▶ [Task prompt] The listing below contains a span that opens with the line containing "SENSOR MERINO ACTIVE" and closes with the line containing "NaviFly 9 ''Android". Return that span exactly.

▶ [Exercise inputs]
• • • • •
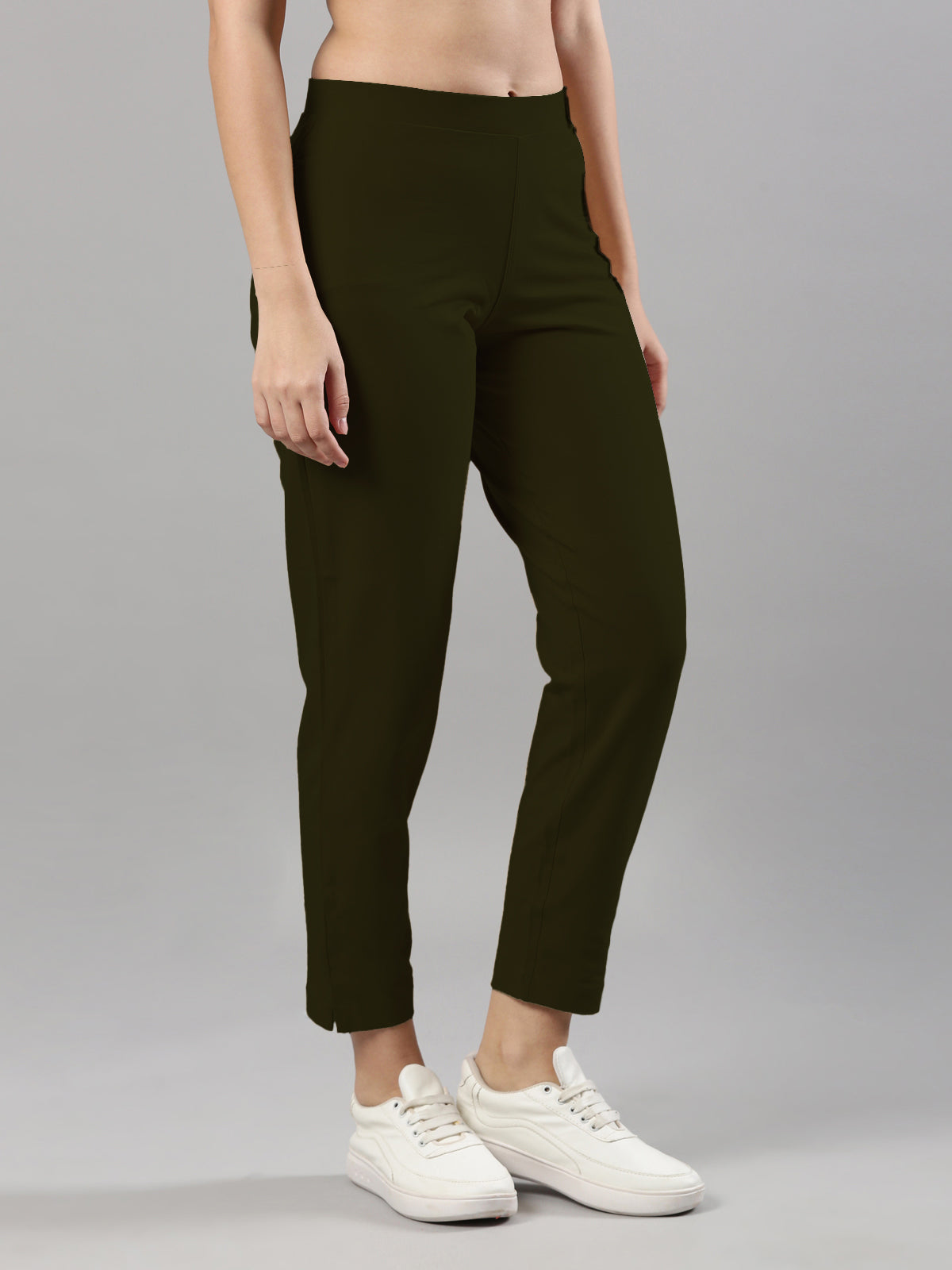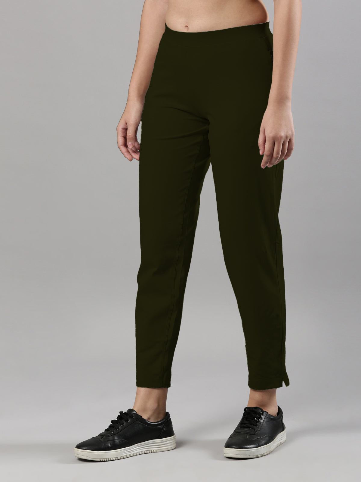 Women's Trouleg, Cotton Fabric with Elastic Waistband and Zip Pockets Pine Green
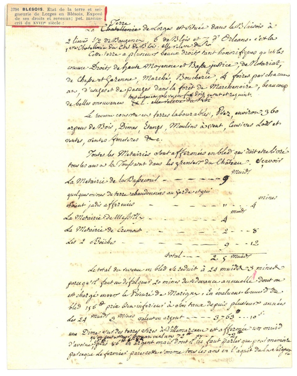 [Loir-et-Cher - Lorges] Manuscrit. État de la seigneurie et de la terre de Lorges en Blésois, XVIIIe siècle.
• • • • •
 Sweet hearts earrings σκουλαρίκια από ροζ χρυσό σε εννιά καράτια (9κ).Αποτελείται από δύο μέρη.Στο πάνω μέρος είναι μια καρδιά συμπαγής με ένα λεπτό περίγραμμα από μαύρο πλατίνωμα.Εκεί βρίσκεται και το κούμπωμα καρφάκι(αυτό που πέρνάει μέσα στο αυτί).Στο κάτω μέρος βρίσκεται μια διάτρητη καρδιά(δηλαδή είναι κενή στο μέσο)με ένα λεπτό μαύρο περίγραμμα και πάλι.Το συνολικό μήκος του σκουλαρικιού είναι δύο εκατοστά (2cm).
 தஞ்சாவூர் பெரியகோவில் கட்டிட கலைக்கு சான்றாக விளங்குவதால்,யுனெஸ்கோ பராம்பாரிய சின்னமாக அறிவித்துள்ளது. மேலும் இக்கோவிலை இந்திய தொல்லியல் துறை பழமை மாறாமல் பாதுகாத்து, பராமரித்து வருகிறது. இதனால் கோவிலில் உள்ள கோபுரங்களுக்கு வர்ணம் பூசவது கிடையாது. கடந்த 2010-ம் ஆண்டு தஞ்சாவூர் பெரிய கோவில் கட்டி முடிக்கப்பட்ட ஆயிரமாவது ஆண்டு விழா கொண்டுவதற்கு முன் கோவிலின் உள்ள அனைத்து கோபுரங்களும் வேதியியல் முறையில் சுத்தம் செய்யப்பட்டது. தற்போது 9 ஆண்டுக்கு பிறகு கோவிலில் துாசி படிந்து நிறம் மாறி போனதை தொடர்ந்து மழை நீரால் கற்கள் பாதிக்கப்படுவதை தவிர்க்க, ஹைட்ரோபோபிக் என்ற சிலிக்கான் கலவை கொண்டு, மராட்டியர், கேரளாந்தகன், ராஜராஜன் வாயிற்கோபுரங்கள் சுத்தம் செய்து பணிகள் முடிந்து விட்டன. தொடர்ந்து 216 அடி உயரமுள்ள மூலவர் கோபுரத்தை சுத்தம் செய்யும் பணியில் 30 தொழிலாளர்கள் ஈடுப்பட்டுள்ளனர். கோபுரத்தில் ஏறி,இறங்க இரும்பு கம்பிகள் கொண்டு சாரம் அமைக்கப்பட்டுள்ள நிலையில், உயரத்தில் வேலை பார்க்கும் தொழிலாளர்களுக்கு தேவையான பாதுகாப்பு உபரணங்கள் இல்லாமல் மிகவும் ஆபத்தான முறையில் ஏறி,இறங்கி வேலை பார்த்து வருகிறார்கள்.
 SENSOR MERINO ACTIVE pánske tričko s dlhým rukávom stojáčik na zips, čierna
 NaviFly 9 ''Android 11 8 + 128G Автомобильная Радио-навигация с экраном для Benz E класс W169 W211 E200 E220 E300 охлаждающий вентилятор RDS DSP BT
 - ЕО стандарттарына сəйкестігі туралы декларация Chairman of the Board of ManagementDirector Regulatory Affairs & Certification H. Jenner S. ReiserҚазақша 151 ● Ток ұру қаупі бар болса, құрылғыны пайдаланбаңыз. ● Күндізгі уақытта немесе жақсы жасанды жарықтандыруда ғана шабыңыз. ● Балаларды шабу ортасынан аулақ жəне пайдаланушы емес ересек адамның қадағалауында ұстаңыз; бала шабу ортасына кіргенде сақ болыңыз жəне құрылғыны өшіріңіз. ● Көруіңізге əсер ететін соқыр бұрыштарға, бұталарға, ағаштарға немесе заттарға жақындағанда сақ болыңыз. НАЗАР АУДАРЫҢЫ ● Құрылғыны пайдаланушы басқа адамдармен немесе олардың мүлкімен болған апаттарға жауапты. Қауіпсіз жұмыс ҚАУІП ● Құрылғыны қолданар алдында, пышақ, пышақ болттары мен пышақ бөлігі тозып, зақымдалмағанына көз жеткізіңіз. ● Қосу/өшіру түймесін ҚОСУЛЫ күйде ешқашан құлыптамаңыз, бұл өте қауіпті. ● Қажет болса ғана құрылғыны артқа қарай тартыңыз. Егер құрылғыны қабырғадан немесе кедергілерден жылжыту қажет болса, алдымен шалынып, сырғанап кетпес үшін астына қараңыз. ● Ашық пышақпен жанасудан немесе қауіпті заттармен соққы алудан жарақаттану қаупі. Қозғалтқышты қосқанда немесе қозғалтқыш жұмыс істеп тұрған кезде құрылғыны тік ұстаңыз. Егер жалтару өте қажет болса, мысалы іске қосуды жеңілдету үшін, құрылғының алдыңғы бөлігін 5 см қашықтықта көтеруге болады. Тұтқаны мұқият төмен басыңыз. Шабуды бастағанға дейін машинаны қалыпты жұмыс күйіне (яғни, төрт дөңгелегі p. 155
• • • • •
▶ [Reply]
 SENSOR MERINO ACTIVE pánske tričko s dlhým rukávom stojáčik na zips, čierna
 NaviFly 9 ''Android 11 8 + 128G Автомобильная Радио-навигация с экраном для Benz E класс W169 W211 E200 E220 E300 охлаждающий вентилятор RDS DSP BT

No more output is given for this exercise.